A link might also be broken because of some form of blocking such as content filters or firewalls. Dead links commonplace on the Internet can also occur on the authoring side, when website content is assembled, copied, or deployed without properly verifying the targets, or simply not kept up to date.

Prevalence

The 404 "Not Found" response is familiar to even the occasional Web user. A number of studies have examined the prevalence of link rot on the Web, in academic literature, and in digital libraries. In a 2003 experiment, Fetterly et al. discovered that about one link out of every 200 disappeared each week from the internet. McCown et al. (2005) discovered that half of the URLs cited in D-Lib Magazine articles were no longer accessible 10 years after publication, and other studies have shown link rot in academic literature to be even worse (Spinellis, 2003, Lawrence et al., 2001). Nelson and Allen (2002) examined link rot in digital libraries and found that about 3% of the objects were no longer accessible after one year.

Discovering

Detecting link rot for a given URL is difficult using automated methods. If a URL is accessed and returns an HTTP 200 (OK) response, it may be considered accessible, but the contents of the page may have changed and may no longer be relevant. Some web servers also return a soft 404, a page returned with a 200 (OK) response (instead of a 404 that indicates the URL is no longer accessible). Bar-Yossef et al. (2004) developed a heuristic for automatically discovering soft 404s.^{[citation needed]}

Combating

Due to the unprofessional image that dead links bring to both sites linking and linked to, there are multiple solutions that are available to tackle them — some working to prevent them in the first place, and others trying to resolve them when they have occurred. There are several tools that have been developed to help combat link rot.

Server side

Avoiding unmanaged hyperlink collections

Avoiding links to pages deep in a website ("deep linking")

Using redirection mechanisms (e.g. "301: Moved Permanently") to automatically refer browsers and crawlers to the new location of a URL

Content Management Systems may offer inbuilt solutions to the management of links, e.g. links are updated when content is changed or moved on the site.

WordPress guards against link rot by replacing non-canonical URLs with their canonical versions.^[1]

IBM's Peridot attempts to automatically fix broken links.

Permalinking stops broken links by guaranteeing that the content will never move. Another form of permalinking is linking to a permalink that then redirects to the actual content, ensuring that even though the real content may be moved etc., links pointing to the resources stay intact.

User side

The Linkgraph widget gets the URL of the correct page based upon the old broken URL by using historical location information.

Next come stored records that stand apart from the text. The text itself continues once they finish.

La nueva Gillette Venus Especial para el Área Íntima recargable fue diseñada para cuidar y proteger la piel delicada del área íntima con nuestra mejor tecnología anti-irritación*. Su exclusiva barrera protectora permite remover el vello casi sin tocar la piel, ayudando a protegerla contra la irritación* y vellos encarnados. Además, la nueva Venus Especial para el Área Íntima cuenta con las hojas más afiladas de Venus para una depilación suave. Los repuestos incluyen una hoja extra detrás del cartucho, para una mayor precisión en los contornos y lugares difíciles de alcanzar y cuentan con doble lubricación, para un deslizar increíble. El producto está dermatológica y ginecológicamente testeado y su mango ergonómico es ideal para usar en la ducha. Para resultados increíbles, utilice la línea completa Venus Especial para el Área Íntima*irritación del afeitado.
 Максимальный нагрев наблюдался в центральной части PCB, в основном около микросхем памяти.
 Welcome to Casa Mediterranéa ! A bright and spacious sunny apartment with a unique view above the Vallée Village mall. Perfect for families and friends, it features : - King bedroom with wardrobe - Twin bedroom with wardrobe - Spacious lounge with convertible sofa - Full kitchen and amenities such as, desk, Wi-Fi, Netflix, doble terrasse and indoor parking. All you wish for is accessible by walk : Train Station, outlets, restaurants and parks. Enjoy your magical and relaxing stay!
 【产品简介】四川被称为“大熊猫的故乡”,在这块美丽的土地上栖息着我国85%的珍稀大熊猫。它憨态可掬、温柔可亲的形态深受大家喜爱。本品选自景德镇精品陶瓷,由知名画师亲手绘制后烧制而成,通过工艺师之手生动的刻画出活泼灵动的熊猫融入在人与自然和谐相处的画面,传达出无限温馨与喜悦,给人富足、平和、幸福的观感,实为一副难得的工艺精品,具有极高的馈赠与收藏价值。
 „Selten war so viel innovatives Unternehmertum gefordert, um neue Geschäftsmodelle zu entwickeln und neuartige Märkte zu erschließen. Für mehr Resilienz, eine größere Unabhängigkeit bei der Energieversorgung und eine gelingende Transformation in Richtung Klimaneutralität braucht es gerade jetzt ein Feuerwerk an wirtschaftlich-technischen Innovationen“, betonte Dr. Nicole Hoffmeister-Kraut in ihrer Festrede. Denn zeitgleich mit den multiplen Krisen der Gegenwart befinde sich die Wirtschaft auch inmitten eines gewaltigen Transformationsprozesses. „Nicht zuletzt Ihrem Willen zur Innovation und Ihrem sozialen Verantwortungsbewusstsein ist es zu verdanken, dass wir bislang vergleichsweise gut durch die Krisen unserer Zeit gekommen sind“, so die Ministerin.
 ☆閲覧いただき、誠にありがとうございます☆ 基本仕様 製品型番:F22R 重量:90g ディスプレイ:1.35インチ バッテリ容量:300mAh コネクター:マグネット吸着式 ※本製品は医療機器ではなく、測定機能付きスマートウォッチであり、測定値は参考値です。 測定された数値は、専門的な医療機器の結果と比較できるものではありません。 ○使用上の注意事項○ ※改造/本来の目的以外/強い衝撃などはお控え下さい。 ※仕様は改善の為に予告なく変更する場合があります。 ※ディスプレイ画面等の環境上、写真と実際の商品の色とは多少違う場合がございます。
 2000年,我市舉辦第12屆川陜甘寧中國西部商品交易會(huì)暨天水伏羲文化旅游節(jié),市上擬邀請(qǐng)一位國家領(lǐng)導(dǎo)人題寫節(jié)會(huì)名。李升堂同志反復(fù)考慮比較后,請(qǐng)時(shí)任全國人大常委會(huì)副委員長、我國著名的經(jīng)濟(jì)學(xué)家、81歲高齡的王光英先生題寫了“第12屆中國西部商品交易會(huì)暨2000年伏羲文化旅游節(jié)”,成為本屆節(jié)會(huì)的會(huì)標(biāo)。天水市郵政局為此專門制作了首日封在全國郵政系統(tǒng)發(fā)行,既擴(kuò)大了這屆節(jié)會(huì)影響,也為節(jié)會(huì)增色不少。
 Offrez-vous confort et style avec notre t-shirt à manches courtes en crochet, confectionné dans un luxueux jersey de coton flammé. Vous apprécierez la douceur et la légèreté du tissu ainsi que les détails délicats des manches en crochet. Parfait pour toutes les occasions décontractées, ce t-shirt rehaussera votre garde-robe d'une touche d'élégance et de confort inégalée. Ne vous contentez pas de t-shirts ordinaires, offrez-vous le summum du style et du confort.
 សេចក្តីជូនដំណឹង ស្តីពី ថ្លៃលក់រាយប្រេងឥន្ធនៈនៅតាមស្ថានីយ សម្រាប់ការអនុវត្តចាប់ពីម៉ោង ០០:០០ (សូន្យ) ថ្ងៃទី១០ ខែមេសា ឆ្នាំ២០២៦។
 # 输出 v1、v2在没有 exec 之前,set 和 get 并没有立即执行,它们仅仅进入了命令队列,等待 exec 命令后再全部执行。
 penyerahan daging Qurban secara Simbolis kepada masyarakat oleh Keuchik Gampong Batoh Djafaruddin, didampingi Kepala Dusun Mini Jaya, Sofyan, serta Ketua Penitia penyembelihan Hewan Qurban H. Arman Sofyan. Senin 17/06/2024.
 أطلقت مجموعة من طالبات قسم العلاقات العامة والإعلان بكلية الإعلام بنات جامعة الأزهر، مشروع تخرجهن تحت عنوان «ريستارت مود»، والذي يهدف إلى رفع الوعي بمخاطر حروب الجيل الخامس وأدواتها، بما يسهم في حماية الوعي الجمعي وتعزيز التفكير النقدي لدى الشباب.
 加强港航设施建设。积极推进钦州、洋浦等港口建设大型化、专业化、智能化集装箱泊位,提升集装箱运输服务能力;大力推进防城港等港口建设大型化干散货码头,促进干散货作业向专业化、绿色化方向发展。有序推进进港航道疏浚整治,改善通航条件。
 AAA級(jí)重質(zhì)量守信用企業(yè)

The Google 404 Widget employs Google technology to 'guess' the correct URL, and also provides the user a Google search box to find the correct page.

When a user receives a 404 response, the Google Toolbar attempts to assist the user in finding the missing page.^[2]

Deadurl.com^[3] gathers and ranks alternate urls for a broken link using Google Cache, the Internet Archive, and user submissions.^[4] Typing deadurl.com/ left of a broken link in the browser's address bar and pressing enter loads a ranked list of alternate urls, or (depending on user preference) immediately forwards to the best one.^[5]

Web archiving

To combat link rot, web archivists are actively engaged in collecting the Web or particular portions of the Web and ensuring the collection is preserved in an archive, such as an archive site, for future researchers, historians, and the public. The largest web archiving organization is the Internet Archive, which strives to maintain an archive of the entire Web, taking periodic snapshots of pages that can then be accessed for free via the Wayback Machine and without registration many years later simply by typing in the URL, or automatically by using browser extensions.^[6] National libraries, national archives and various consortia of organizations are also involved in archiving culturally important Web content.

Individuals may also use a number of tools that allow them to archive web resources that may go missing in the future:

WebCite, a tool specifically for scholarly authors, journal editors and publishers to permanently archive "on-demand" and retrieve cited Internet references (Eysenbach and Trudel, 2005).

Archive-It, a subscription service that allows institutions to build, manage and search their own web archive

Some social bookmarking websites, such as Furl, make private copies of web pages bookmarked by their users.

Google keeps a text-based cache (temporary copy) of the pages it has crawled, which can be used to read the information of recently removed pages. However, unlike in archiving services, cached pages are not stored permanently.

The WayBack Machine, at the Internet Archive,^[7] is a free website that archives old web pages. It does not archive websites whose owners have stated they do not want their website archived.

Authors citing URLs

A number of studies have shown how widespread link rot is in academic literature (see below). Authors of scholarly publications have also developed best practices for combating link rot in their work:

Avoiding URL citations that point to resources on a researcher's personal home page (McCown et al., 2005)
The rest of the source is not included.